NOTE: There could be multiple EBCs and one single KTRegroupAsDict as shown in the [pic](https://fburl.com/gslide/lcyt8eh3) {F1864810545}
* short-circuiting the EBC-KTRegroupAsDict pairs are very special and a must in most of the cases due to the EBC key-order issue with distributed table lookup.
* hide all the operations behind a control flag `short_circuit_pytree_ebc_regroup` to the torchrec main api call `decapsulate_ir_modules`, which should only be visible to the infra layer, not to the users.
# details
* The `_short_circuit_pytree_ebc_regroup` function finds all the EBCs/fpEBC and KTRegroupAsDict modules in an unflattened module. Retrieve their fqns and sort to in_fqns (regroup_fqns) and out_fqns (ebc_fqns). Because currently the fpEBC is swapped as a whole, so we do some extra fqn logic to filter out the EBC that belongs to an up-level fpEBC.

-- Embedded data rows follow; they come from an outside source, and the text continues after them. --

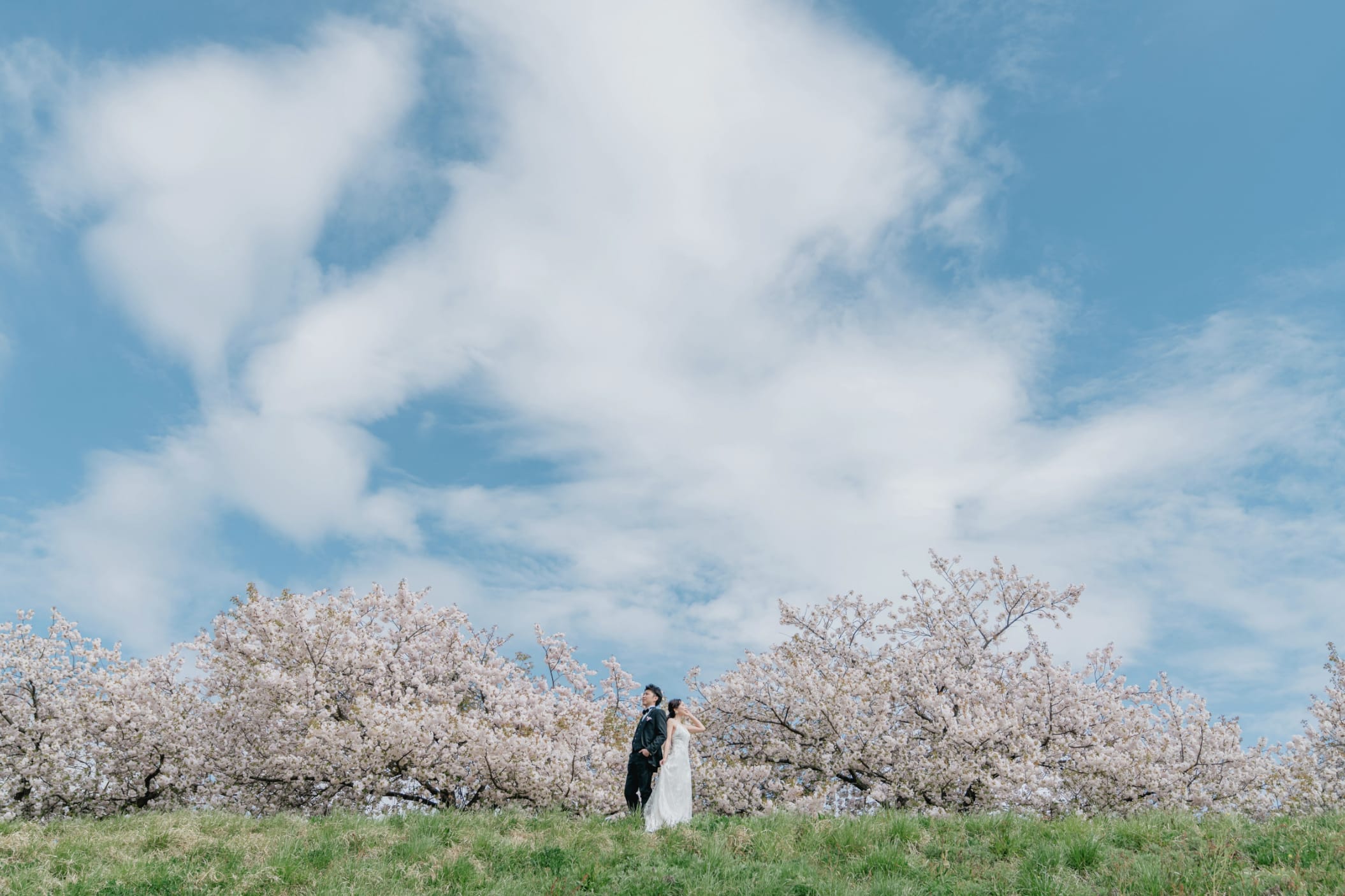 飯綱山周邊以高地視角的全景風光著稱,可將群山與天空大範圍納入背景,拍攝動感而壯闊的婚紗預拍。利用雄偉自然的開放感構圖,特別推薦給希望留下極具印象照片的新人。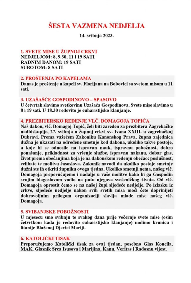 ŠESTA VAZMENA NEDJELJA, 14. svibnja 2023.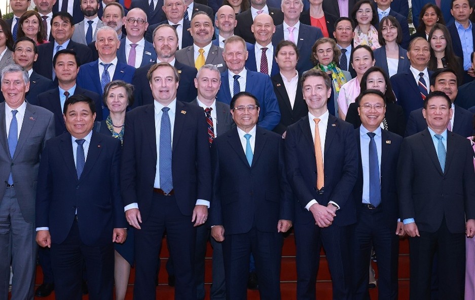2025年3月2日,越共中央政治局委员、政府总理范明正与欧洲企业代表 _图源:越通社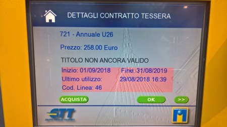 Tuttavia, uno degli scorsi anni, pur volendo fare solo un rinnovo, avevo dovuto fare comunque la coda agli sportelli gestiti dal personale GTT per poter cambiare la durata dell’abbonamento [dai soli mesi scolastici (10 mesi), utilizzato l’anno precedente, a tutto l’anno (12 mesi)]: troppo difficile sembrerebbe introdurre nell’interfaccia delle emettitrici automatiche dei biglietti e degli abbonamenti, aggiungere un pulsante per lasciare allo studente, ogni anno, la possibilità di scegliere tra le due possibili forme di rinnovo dell’abbonamento e non permettendo solo quello relativo alla formula scelta l’anno precedente!!
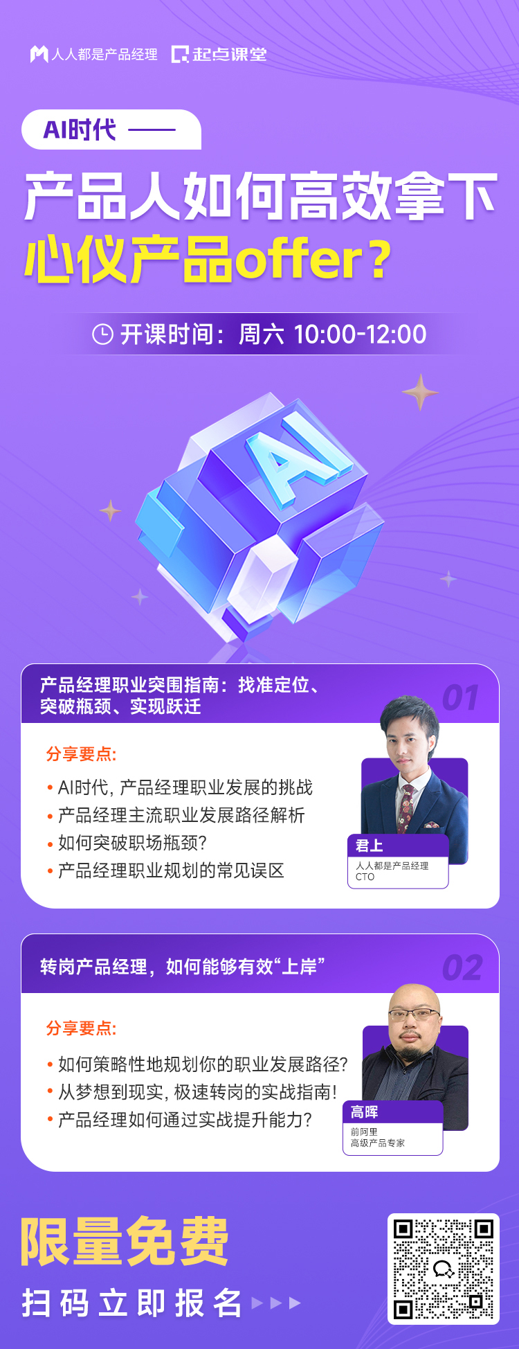 本周六10点-12点,特邀人人都是产品经理CTO@君上老师、前阿里高级产品专家@高晖老师,专为“求职焦虑”打造一场产品人专属免费分享! 带你:

* a util function `prune_pytree_flatten_unflatten` removes the in-coming and out-going pytree flatten/unflatten function calls in the graph module, based on the given fqns.
WARNING: The flag `short_circuit_pytree_ebc_regroup` should be turned on if EBCs are used and EBC sharding is needed. Assertions are also added if can't find a `KTRegroupAsDict` module, or `finalize_interpreter_modules` is not `True`.
# additional changes
* absorb the `finalize_interpreter_modules` process inside the torchrec main api `decapsulate_ir_modules`.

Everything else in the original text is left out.